Fannie Mae and Freddie Mac obligations excluded

Although not included in the debt figures reported by the government, the U.S. government has moved to more explicitly support the soundness of obligations of Freddie Mac and Fannie Mae, starting in July 2008 via the Housing and Economic Recovery Act of 2008, and the September 7, 2008 Federal Housing Finance Agency (FHFA) conservatorship of both government sponsored enterprises (GSEs). The on- or off-balance sheet obligations of those two independent GSEs was just over $5 trillion at the time the conservatorship was put in place, consisting mainly of mortgage payment guarantees.[15] The extent to which the government will be required to pay these obligations depends on a variety of economic and housing market factors. The federal government provided over $110 billion to Fannie and Freddie by 2010.[16]

Guaranteed obligations excluded

See also: Temporary Liquidity Guarantee Program and Exchange Stabilization Fund.

Starting in late 2008, the U.S. federal government is guaranteeing large amounts of obligations relating to mutual funds, banks, and corporations under several new programs designed to deal with the problems initiated by the late-2000s financial crisis. Guarantees are off-balance sheet and therefore excluded in the calculation of federal debt. The funding of direct investments made in response to the crisis, such as those made under the Troubled Assets Relief Program, are captured by the debt totals.

Unfunded obligations excluded

The U.S. government is committed under current law to mandatory payments for programs such as Medicare, Medicaid and Social Security. The GAO projects that payouts for these programs will significantly exceed tax revenues over the next 75 years. The Medicare Part A (hospital insurance) payouts already exceed program tax revenues and Social Security payouts exceeded payroll taxes in fiscal 2010. These deficits require funding from other tax sources or borrowing.[17]

The present value of these deficits or unfunded obligations is an estimated $45.8 trillion. This is the amount that would have to be set aside during 2009 such that the principal and interest would pay for the unfunded commitments through 2084. Approximately $7.7 trillion relates to Social Security, while $38.2 trillion relates to Medicare and Medicaid. In other words, health care programs are nearly five times as serious a funding challenge as Social Security. Adding this to the national debt and other federal commitments brings the total obligations to nearly $62 trillion.[18] However, these amounts are excluded from the national debt computation.

The Congressional Budget Office (CBO) has indicated that: "Future growth in spending per beneficiary for Medicare and Medicaid—the federal government’s major health care programs—will be the most important determinant of long-term trends in federal spending. Changing those programs in ways that reduce the growth of costs—which will be difficult, in part because of the complexity of health policy choices—is ultimately the nation’s central long-term challenge in setting federal fiscal policy."[19]

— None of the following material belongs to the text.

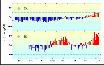 20世紀(jì)中國氣候變化趨勢(shì)與全球變暖的總趨勢(shì)基本一致。近百年來觀測(cè)到的平均氣溫已經(jīng)上升了0.5 ~0.8 ,略高于全球平均,其中最暖的時(shí)期出現(xiàn)在20世紀(jì)90年代,最明顯的地區(qū)是西北、華北和東北,長江以南地區(qū)變暖趨勢(shì)不明顯。與北極地區(qū)相同,我國在1925 至1945 年期間也觀測(cè)到一個(gè)較長的暖期(圖3)。預(yù)計(jì)到2100年,全國平均氣溫將升高3.9 ~6.0 。

Measuring debt relative to gross domestic product (GDP)

2010 Budget: Total Debt $ and % to GDP 2000–2010

GDP is a measure of the total size and output of the economy. One measure of the debt burden is its size relative to GDP. In fiscal 2007, U.S. federal debt held by the public was approximately $5 trillion (36.8 percent of GDP) and total debt was $9 trillion (65.5 percent of GDP).[20] Debt held by the public represents money owed to those holding government securities such as Treasury bills and bonds. Total debt includes intra-governmental debt, which includes amounts owed to the Social Security Trust Funds (about $2.2 trillion in FY 2007)[21] and Civil Service Retirement Funds. By August 2008, the total debt was $9.6 trillion.[22]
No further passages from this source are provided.